Carroll Times Herald
- Type: Twice-weekly newspaper
- Owner: Iowa Information Media Group
- Founder: Orlando H. Manning
- Founded: 1868
- Headquarters: 508 N. Court St. Carroll, IA 51401
- Circulation: 2,790
- Website: carrollspaper.com

= Carroll Times Herald =

Twice-weekly newspaper in Carroll, Iowa, US

The Carroll Times Herald is a twice-weekly newspaper in Carroll, Iowa.

== History ==
The Western Herald was first published on September 8, 1868. It was founded by Orlando H. Manning. The paper's name was changed to the Carroll Herald in March 1871. James Rhodes purchased the paper on May 1, 1929, and the paper transitioned to a daily a few months later. In 1936, the paper purchased the weekly Carroll Times and merged it with the Carroll Herald to form the Carroll Times Herald.

Rhodes died in January 1944. The Herald was purchased from his estate a year later by James W. Wilson. Before that he was coal miner turned journalist who was hired as the paper's business manager in 1929. He died in 1977 and the paper was inherited by his son James B. Wilson. His son and Douglas W. Burns were the paper's co-owner and vice president of news as of 2019.

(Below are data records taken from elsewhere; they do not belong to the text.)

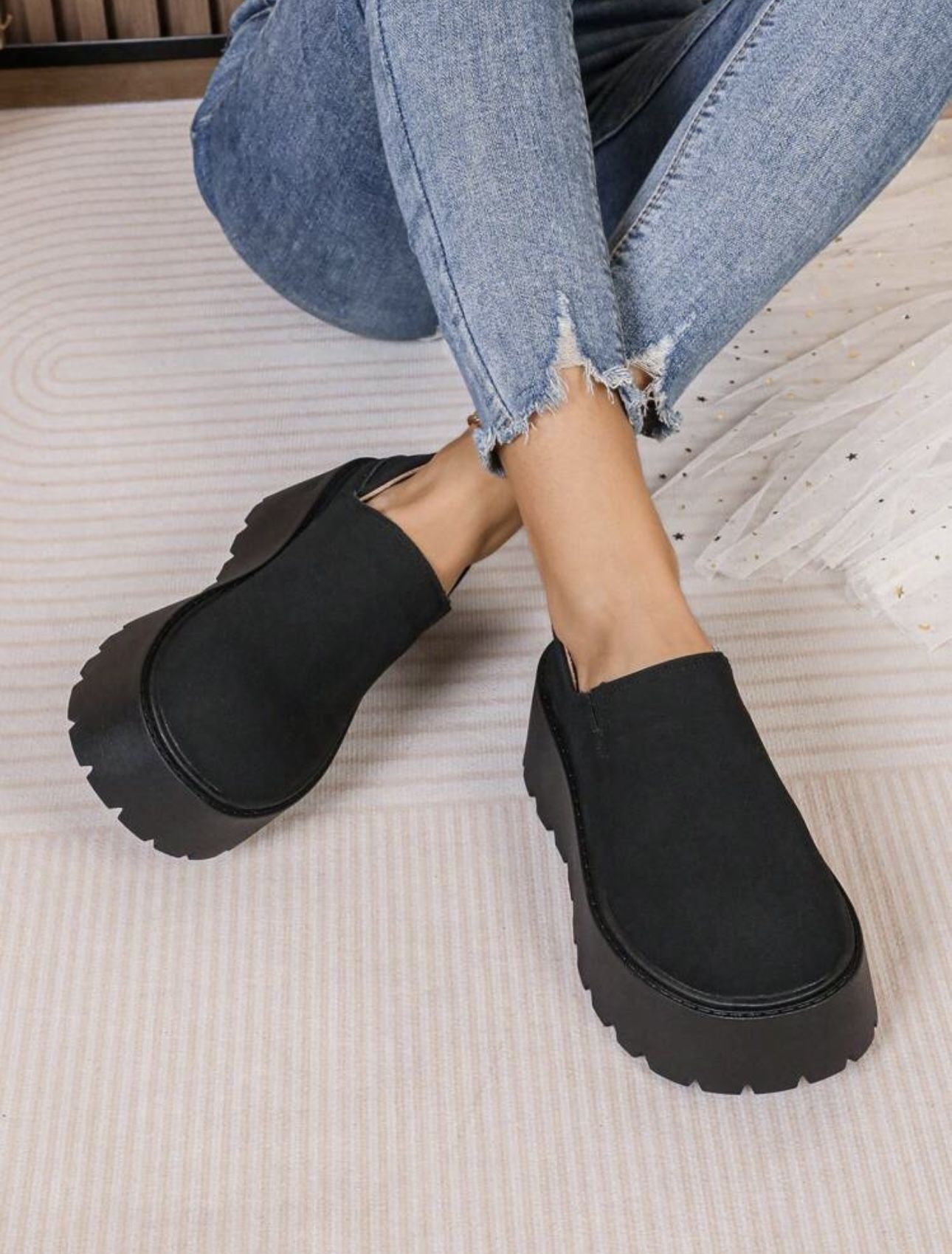 Women's High Waterproof Platform Wedge Heels, The Most Fashionable Black Elastic Band Slip-On Round Toe Vintage Classic 7cm Wedge Shoes, European And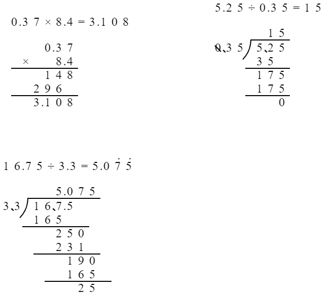 $0.37×8.4=$ $5.25÷0.35=$ $16.75÷3.3≈$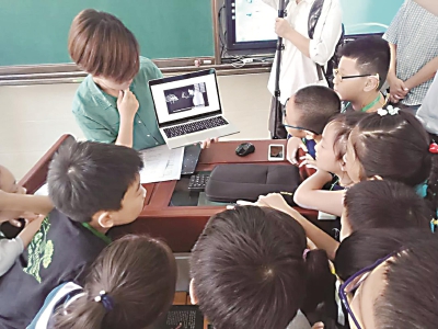 近日,上海市科技创新志愿服务联盟单位中国图书进出口上海公司(现代书店)的志愿者走进了曹杨爱心暑托班的课堂,为小朋友们打造亲子阅读阅享空间,特别邀请Lau rence King Pub lishing出版社的绘本老师讲述《A Cat's Gu ide to the Night Sky》(猫咪的夜空指南)一书,用精美的图片和精彩的绘本故事,打开孩童们的心中的宇宙大门,领略浩瀚星辰。

Starting in 2017, the Herald began a series of stories about Carroll police officer Jacob Smith and his sexual relationships with teenagers. Smith resigned and sued the newspaper for libel. The lawsuit was dismissed on the basis of the truth of the allegations in the news stories, but legal expenses have forced the newspaper to move to a twice-weekly schedule.

In 2022, the Wilson and Burns families sold the Carroll Times Herald and the Jefferson Herald to the Wagner family.